Predicting IQ With a Simple Visual Test
New submitter trendspotter writes "Scientists at the University of Rochester found a unique way to measure high IQ and IQ of the brain in general just by studying individuals and their abilities to filter out noise in images (abstract). The results of a visual test where people were told to quickly detect movements showed similar IQ results as a classic intelligence test. 'The relationship between IQ and motion suppression points to the fundamental cognitive processes that underlie intelligence, the authors write. The brain is bombarded by an overwhelming amount of sensory information, and its efficiency is built not only on how quickly our neural networks process these signals, but also on how good they are at suppressing less meaningful information. ... The researchers point out that this vision test could remove some of the limitations associated with standard IQ tests, which have been criticized for cultural bias.'"
Something I have been saying for a long time.
IQ as measured today is intelligence applied to details, core structures, _small_ puzzles, etc. It does not measure whether people can identify context, make fuzzy trade-offs, find what is important and what not in complex structures, etc. The testing is also fundamentally broken as it is done under time pressure. In practice, somebody that can figure out a complex problem in 1 week is about as capable as somebody that needs 2 weeks and not far behind is somebody that needs 10 weeks.

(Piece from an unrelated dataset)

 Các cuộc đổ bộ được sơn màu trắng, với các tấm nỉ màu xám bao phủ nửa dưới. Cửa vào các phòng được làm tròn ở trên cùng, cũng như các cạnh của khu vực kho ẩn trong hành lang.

People really fall into the classes "can do it in reasonable time" and "cannot do it, regardless of time available". Those that can do, but need a lot longer than others that can do are quite rare.

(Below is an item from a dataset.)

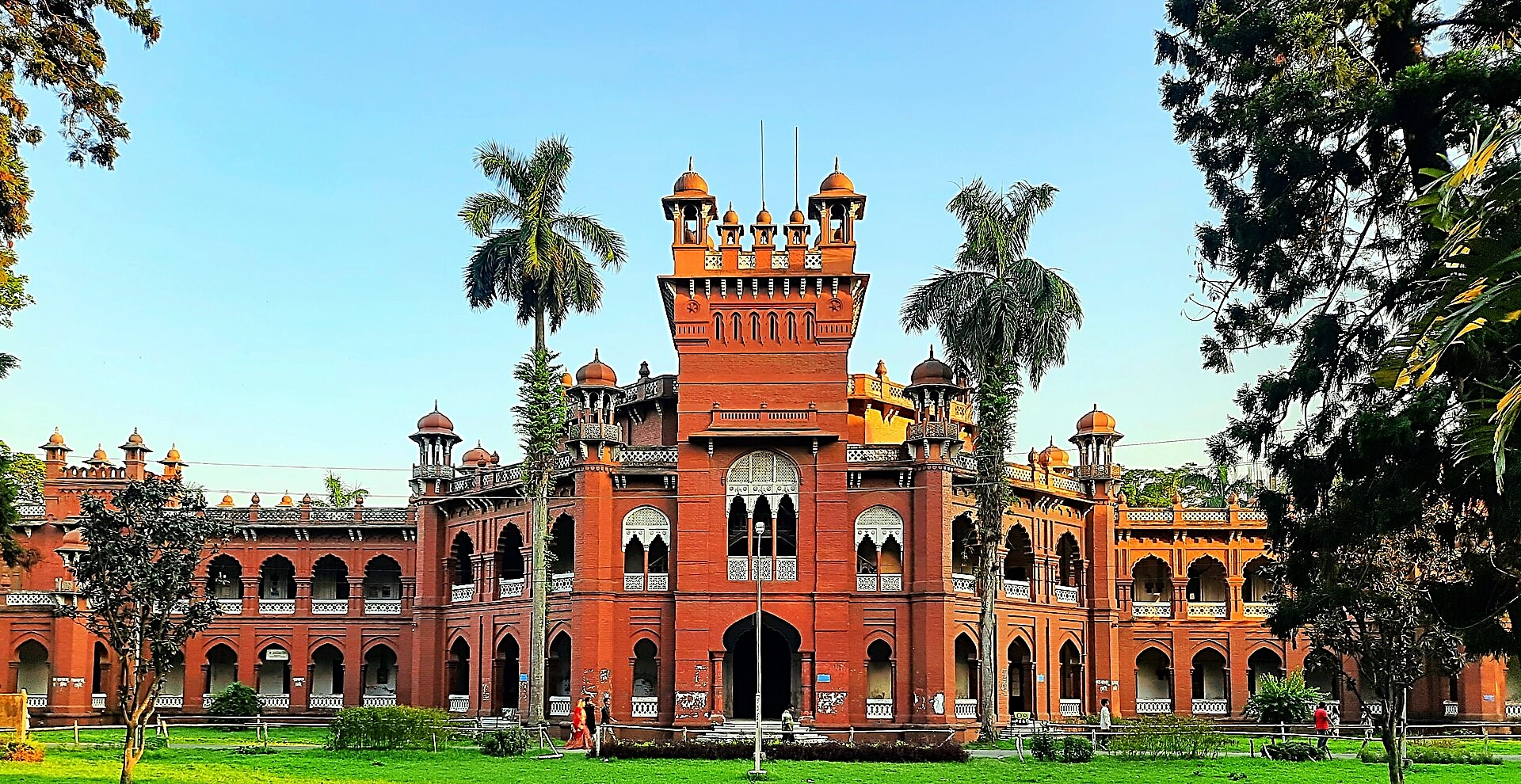 Tiếp theo, tham quan ngoại cảnh Curzon Hall, tòa nhà được người Anh xây dựng vào năm 1904 thời kỳ thuộc đia, là trụ sở Khoa Khoa học của Đại học Dhaka, nay trở thành một trong những thắng cảnh mang tính đại diện nhất và là ví dụ điển hình của kiến trúc Dhaka, kết hợp hài hòa các yếu tố Châu Âu và Mughal.

I also have met quite a few people with high IQ, but really low "wisdom" scales that could not use their intelligence effectively as a result. This also explains why the IQ is not a reliable predictor of future success in life, as for example Mensa found out.
Most ACs are not even worth the keystrokes to insult them. Be generically insulted by this and ignored otherwise.
If the test "showed similar IQ results as a classic intelligence test", and the classic test is "biased", wouldn't that mean that this test is biased? Or would it have to mean that the classic test is *not* biased?
And maybe that's part of intelligence. Catching yourself being stupid is infinitely smarter than not catching yourself being stupid.
The world's burning. Moped Jesus spotted on I50. Details at 11.
'The relationship between IQ and motion suppression points to the fundamental cognitive processes that underlie intelligence'
Or, IQ tests don't test anything but pattern matching / the ability to filter noise in the first place.